Tuesday, February 09, 2010

Trial on Crestor patent begins in D. Del. on 22 Feb 2010

An article by Ben Hirschler in Reuters on patent issues with the statin drug Crestor contains the following quip:

"It's CPR (Crestor Patent Risk), not CRP [C-reactive protein ] that requires more attention."

Crestor has great economic potential, with Lipitor going "off-patent" in November 2011. The matter of CRP is an additional driver:

In theory, extending Crestor's use to people with normal cholesterol and raised levels of C-reactive protein (CRP) could add some 6.5 million patients in the U.S. alone, adding billions of dollars to sales of the $4-a-day drug.

The trial begins on February 22, 2010 before Judge Joseph Farnan in the District of Delaware.

The Crestor patent had been targeted by Article One.

See
http://ipbiz.blogspot.com/2009/09/article-one-makes-more-awards.html

**The outcome of the litigation will inform us whether or not the Crestor patent was a "quality" patent. On this topic, the IAM folks are pushing patent quality metrics:

The cover story for IAM issue 40, which published last week, is all about patent quality. More specifically we asked the patent ratings business of Ocean Tomo - our official patent ratings partner - to tell us which US law firms, according to OT metrics, obtain the highest quality patents for their clients. In the article, we publish top 10 rankings that cover four specific areas - consumer electronics, healthcare, industrials and informaiotn technology - as well as a top 20 ranking that covers all areas

More than ten years ago, a different group of folks were pushing "patent citation" metrics at "Intellectual Property Today."
Same old flim flam. Plus ├ža change et plus c'est pareil !
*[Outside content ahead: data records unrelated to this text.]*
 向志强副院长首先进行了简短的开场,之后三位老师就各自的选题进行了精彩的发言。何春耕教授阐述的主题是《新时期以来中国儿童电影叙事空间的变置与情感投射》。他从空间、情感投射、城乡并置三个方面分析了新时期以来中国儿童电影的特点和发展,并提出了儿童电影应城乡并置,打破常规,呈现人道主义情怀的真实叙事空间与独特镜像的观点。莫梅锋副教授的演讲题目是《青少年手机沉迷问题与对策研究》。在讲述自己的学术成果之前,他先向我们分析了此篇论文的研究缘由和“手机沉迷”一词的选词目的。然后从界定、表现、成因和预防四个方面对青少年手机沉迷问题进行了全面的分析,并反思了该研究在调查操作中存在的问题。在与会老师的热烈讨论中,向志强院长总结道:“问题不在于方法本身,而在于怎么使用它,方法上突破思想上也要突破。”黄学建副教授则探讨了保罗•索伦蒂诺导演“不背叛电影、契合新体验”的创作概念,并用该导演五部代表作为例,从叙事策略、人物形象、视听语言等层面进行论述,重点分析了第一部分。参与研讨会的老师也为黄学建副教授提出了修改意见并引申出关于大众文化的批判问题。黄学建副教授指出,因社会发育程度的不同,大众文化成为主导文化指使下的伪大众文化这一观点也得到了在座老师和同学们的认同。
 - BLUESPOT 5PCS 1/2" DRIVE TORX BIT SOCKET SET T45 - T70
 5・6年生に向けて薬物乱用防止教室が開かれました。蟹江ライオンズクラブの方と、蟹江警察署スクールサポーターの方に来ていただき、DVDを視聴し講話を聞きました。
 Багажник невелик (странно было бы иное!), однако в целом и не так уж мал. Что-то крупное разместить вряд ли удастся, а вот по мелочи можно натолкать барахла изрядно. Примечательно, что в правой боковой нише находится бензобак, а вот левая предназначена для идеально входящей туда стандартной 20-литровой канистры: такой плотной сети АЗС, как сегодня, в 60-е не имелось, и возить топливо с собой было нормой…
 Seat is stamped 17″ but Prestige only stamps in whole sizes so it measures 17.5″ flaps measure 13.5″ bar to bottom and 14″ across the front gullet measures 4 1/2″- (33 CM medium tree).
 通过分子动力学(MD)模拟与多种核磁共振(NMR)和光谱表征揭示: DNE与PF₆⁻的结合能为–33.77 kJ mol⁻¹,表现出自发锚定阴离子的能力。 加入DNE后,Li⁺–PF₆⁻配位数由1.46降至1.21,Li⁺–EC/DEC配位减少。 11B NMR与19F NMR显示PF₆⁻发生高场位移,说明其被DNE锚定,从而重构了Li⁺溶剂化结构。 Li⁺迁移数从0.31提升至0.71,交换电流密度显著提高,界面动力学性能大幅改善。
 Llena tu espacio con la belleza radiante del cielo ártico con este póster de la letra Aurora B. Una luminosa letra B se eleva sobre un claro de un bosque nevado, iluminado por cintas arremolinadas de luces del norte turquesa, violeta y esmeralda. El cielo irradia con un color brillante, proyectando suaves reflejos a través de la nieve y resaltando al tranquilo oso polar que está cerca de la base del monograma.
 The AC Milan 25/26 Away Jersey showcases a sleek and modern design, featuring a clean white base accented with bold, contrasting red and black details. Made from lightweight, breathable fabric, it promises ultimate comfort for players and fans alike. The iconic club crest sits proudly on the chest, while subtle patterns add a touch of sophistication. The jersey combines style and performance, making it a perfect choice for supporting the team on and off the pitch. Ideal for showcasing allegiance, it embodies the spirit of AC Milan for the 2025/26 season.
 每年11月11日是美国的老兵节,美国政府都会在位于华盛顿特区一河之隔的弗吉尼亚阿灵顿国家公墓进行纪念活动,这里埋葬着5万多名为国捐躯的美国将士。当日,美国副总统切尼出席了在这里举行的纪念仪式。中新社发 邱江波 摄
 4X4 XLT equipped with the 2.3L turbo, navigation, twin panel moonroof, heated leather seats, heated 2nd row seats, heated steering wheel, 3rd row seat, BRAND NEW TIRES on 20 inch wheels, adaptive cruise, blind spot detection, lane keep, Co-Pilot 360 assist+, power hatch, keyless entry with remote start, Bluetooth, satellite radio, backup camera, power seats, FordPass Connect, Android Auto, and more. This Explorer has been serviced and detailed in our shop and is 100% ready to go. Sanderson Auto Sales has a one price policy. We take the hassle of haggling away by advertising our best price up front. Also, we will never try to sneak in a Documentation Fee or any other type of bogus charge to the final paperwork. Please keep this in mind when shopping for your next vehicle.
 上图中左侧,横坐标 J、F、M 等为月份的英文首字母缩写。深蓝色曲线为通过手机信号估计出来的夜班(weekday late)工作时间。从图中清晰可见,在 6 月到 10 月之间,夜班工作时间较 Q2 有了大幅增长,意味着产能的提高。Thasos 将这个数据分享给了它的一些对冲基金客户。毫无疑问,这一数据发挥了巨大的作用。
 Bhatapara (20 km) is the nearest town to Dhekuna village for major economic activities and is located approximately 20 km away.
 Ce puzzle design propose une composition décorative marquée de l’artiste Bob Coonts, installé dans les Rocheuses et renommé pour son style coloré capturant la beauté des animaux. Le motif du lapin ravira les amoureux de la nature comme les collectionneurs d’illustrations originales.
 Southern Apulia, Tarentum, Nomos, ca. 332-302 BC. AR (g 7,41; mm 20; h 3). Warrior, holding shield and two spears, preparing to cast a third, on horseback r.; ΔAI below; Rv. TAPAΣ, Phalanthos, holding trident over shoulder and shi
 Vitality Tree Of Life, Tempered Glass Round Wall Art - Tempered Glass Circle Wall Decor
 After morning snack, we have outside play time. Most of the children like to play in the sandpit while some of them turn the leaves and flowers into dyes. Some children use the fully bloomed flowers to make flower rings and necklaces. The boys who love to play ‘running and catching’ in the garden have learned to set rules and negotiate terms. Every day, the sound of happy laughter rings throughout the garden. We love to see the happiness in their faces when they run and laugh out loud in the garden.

Back in the Dec. 96 issue of Intellectual Property Today, LBE wrote:

BN [Breitzman and Narin ] promise to review all the studies which have shown the importance of highly cited patents. There are many papers that have questioned the value of patent citation. n12

n12 Edlyn S. Simmons and Nancy Lambert, "Patent Statistics: Comparing Grapes and Watermelons", Proc. Montreux 1991 Int. Chemical Information Conference published in "Recent Advances in Chemical Information", Royal Society of Chemistry, Spec. Publ. 100, 1992.; see also Stuart M. Kaback, Nancy Lambert, and Edlyn S. Simmons, "Patent Citations: Source of Insight or Nothing to Get Excited About?", August 1994 meeting of American Chemical Society [this reference notes: "Patent citations turn out to be quite different in character from the citations we may be familiar with in the citation literature."]; E. Simmons, "Patent family databases 10 years later", Database, Vol. 18(3), Pg. 28, (June, 1995).
As I noted in June, 1996, some highly cited patents may be of pioneering status. However, since all highly cited patents are not of pioneering status, one cannot use a high citation frequency as a proxy for value. All factors leading to high citation must be analyzed. Even in prestigious prizes, such as the Nobel or the Lasker, all factors involved must be considered n13.

See

http://ipbiz.blogspot.com/2009/11/quality-lacking-in-hp-laptops.html

http://ipbiz.blogspot.com/2008/07/patent-quality-arguments-of-ocean-tomo.html [including the text: The Ocean Tomo authors have presented no convincing arguments to support
the proposition that examination search thoroughness and search quality is as good or better
today than it was five years ago. At best, they have equated "more" with "better", and have
not even identified the source of "more."]

**And, don't forget Linus Torvalds: "One recalls Torvalds is the fellow who advised his people not to read patents, sort of setting the public disclosure function of patents on its head."